What should we make of Uber’s bid to go cashless in Nigeria?

Even though 2016 is just two weeks old, the world’s sexiest startup Uber seems to be sweating already in Nigeria. A few days after Christmas, Uber increased its price in Lagos and now the company is reportedly testing its cash payment option that may make Nigeria the seventh country in the world where Uber is accepting cash.

Uber prides itself as a service that does not require users to pull out their wallet and this has been largely (and profitably) accepted in many countries of the world. Elsewhere though, there is still a high reluctance among targeted Uber users to put up their credit card details. Such cities include Hyderabad in India which last May became the first city where Uber is accepting cash followed by 21 other Indian cities where Uber is operating.

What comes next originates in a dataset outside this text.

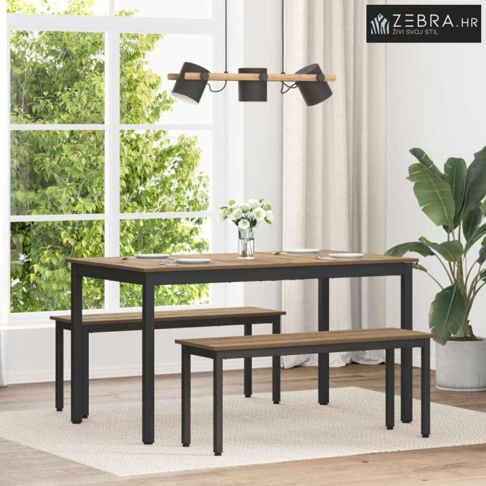 Crni metalni okvir Elegantni crni metalni okvir jamči čvrstu podršku, pružajući stabilnost za stol. Njegov suvremeni dizajn savršeno se uklapa u moderni dekor, idealan za blagovaonice i prostrane dnevne sobe.

The cash payment feature has also been extended to Bandung, Indonesia and Manila, Philippines. In Africa, Uber has tested and rolled out the feature in Kenya’s capital city of Nairobi and Nigeria’s commercial capital city of Lagos is set to be next as the company is testing the feature with some of its users.

During the test period, some Uber users in Lagos will see an in-app cash payment option. When this is selected, the driver will be notified at the beginning of the trip and when it ends to collect the cash payment.

Uber had not revealed that the reluctance of many Nigerians to put their card details on its platform to allow them to access the company’s cashless services was a big issue. In fact, last year at an interactive session with Ventureburn and others, the head of the company’s operations in Nigeria, Ebi Atawodi affirmed the company was recording exponential growth in Nigeria in terms of number of drivers and riders that are using the service.

She also expressed confidence in the level of advancement of the payment system of Nigerian banks which she said is more advanced than those of other emerging markets.
“Lagos is surprising the world, payments are going through in Lagos and Nigerian banks are moved ahead of their counterparts in other emerging markets. They deserve to be commended,” she said.

These and other issues make many tech industry watchers in Nigeria to wonder why Uber is now considering to add the cash payment feature to boost its operations in Lagos. Many reasons come to mind.

The first and obvious one is the desire to attract more people to use Uber in Lagos.

The launch of Uber in Lagos, many believe, crippled the activities of Easy Taxi and Afrocab, yet many Lagos residents are not using Uber. It is also safe to say that more people use other forms of car hire services than Uber. This category of people, to a large extent, are those that Uber will be going after with this new cash payment feature. Even though Uber is not making its Lagos figures public (yet), it is safe to say that it is going to want more users.

Another reason for this action could be Uber finally succumbing to the growing request for the addition of the cashless payment option. Trust is still a very big issue in Nigeria’s tech space – so big it is limiting the growth of many sectors including ecommerce and this could be traced to those days when Nigeria was notorious for online fraud and the government appeared helpless – technologically, legally and policy-wise – to combat cybercrimes forcing individuals to be the ones taking responsibility for their cyber safety. Armed with this information, Uber may now be letting its users in Nigeria to know that it empathizes with them and would want them to still use its service even if it means reneging its founding objective to make its rides cashless.

A clearer explanation of the cash payment moves by Uber was given by the company’s spokesperson that spoke to CNN on this subject.

“We know that cash is still the dominant payment option for millions around the world, especially in emerging markets and smaller cities. These ‘cash’ experiments are really exciting for us, given the success we’ve seen in these test markets and the potential that exists to take this even further into more cities around the world,” the spokesperson said.

New challenges

If Uber finally decides to fully introduce cash payments in Nigeria, it would have to contend with new challenges such as riders not having sufficient cash for the trip.
It is fair to say that not everyone can afford to use Uber in Lagos – including those that think they can afford it. Will they now be allowed to give the amount they have on them and use their card details to pay the rest? Would this not upset the Uber app dynamics?

What happens when a rider pays with fake currency notes? Will the riders be equipped with tools to easily detect the security features on Nigeria’s currency notes? What of currency notes in bad conditions, will the drivers be collecting such?

Furthermore, giving cash to drivers may tempt such drivers to spend part of the money; it could also pose significant risk to the safety of such drivers since no thief is currently after Uber drivers because they don’t collect cash. But when they finally begin to collect cash, how will Uber ensure they are not robbed while in Lagos traffic or by thieves posing as Uber riders?